# Horsey science fair projects?



## amightytarzan5

Hey guys! I haven't been on in a while! Our school science fair is rolling around, and I need some project ideas. I'm either going to do something with horses or with my dog. Any ideas are appreciated! I have a few of my own, but I'd love you guys' input too!


----------



## Gingerrrrr

do horse see in color?


----------



## amightytarzan5

That's pretty cool, but how would I experiment that?

Also guys, I'd rather stay away from things like "Which food is better" or "Which flyspray rejects more flies". I'd like to stay on higher level things. Something about training would be cool.
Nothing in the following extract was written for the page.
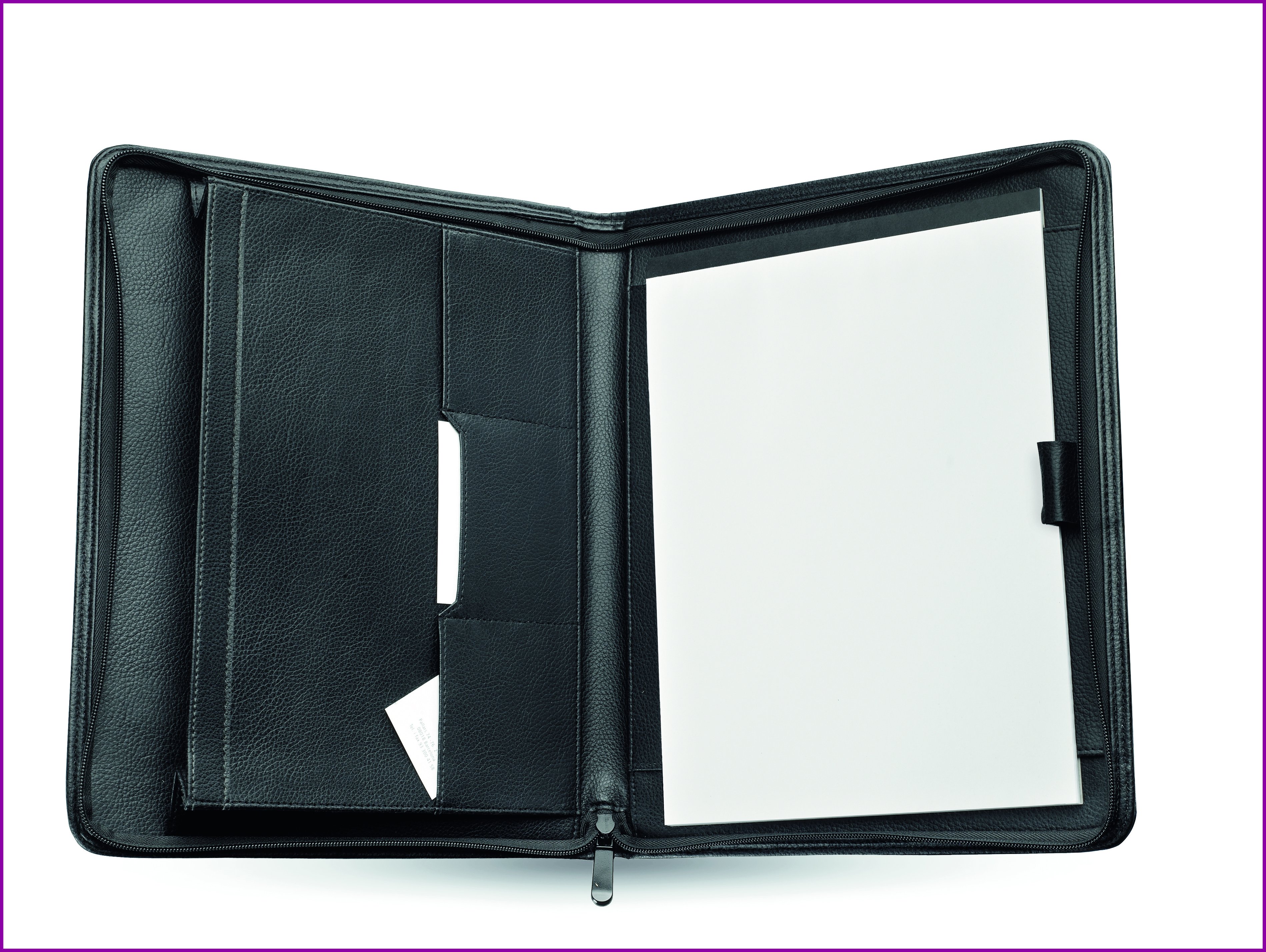 A4 kansio vetoketjulla, nahkapäällisellä ja PU-pohjalla. Sisältää 25 sivuisen muistilehtiön.
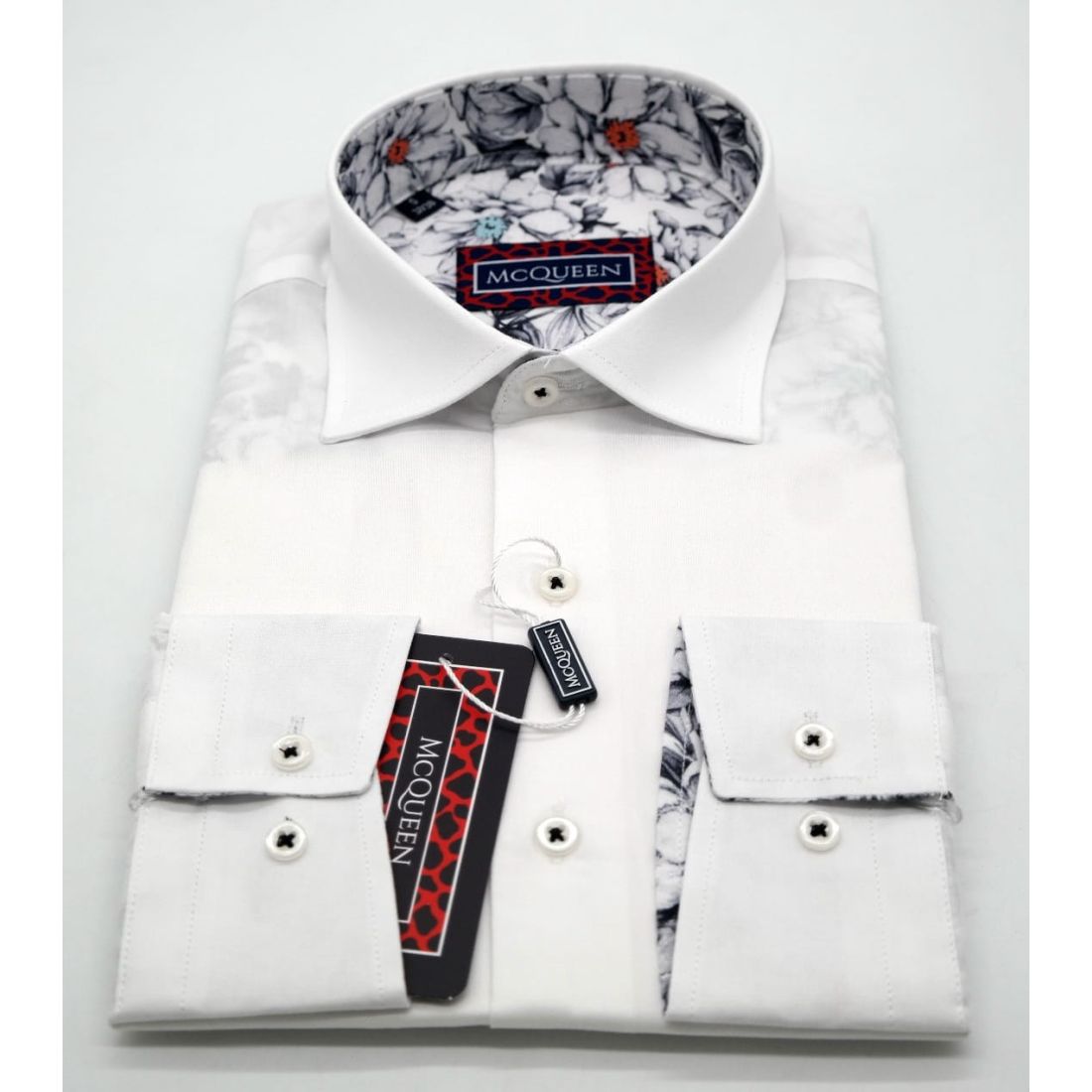 MCQUEEN Koszula męska biała MC061 wykończenie szare | Sklep GriShop.eu | Koszule

I also have a 3-year-old Beagle that I could do an experiment with. That's my back-up if I can't think of any horse thing.


----------



## mell

2 years ago i did a project on what colour water buckets horses prefer. you know those big plastic ones? yeah i would mark each bucket in litres on the outside and put each colour (i had 3) in a round yard with a horse for 24 hours, with feed and all of course, but no excersise. Then record the amount the horse drank from each bucket. I did this with about 5 horses, then graphed the results.

just an idea


----------



## amightytarzan5

That's pretty cool too, but I kinda want something in training. I also don't know if I could leave the horse in the arena for 24 hours. I might be able to put them in the outdoor arena...

Keep 'em coming guys!


----------



## claireauriga

How about the efficiency of a horse's digestive system? Measure food and water in, poo out, estimate urination and sweat, and see how much of their food is actually absorbed by their body ... I guess you can't really weigh the horse but you could still gather that an awful lot of their food comes out of the other end.


----------



## sempre_cantando

I'm not sure about almightytarzan, but I know I wouldn't like to do an experiment that involved examining poop lol


----------



## claireauriga

Yeah, but it's actually a bit more, you know, scientific ^^

We don't do science fairs over here and I appreciate that the kind of experiment required by them is perhaps different to what one would conduct in a lab, but the same principles should apply. At the very least, don't just observe a behavioural trait. Observe it and ask yourself _why_ that trait is present. Otherwise it's just diary-keeping, not something approaching actual science.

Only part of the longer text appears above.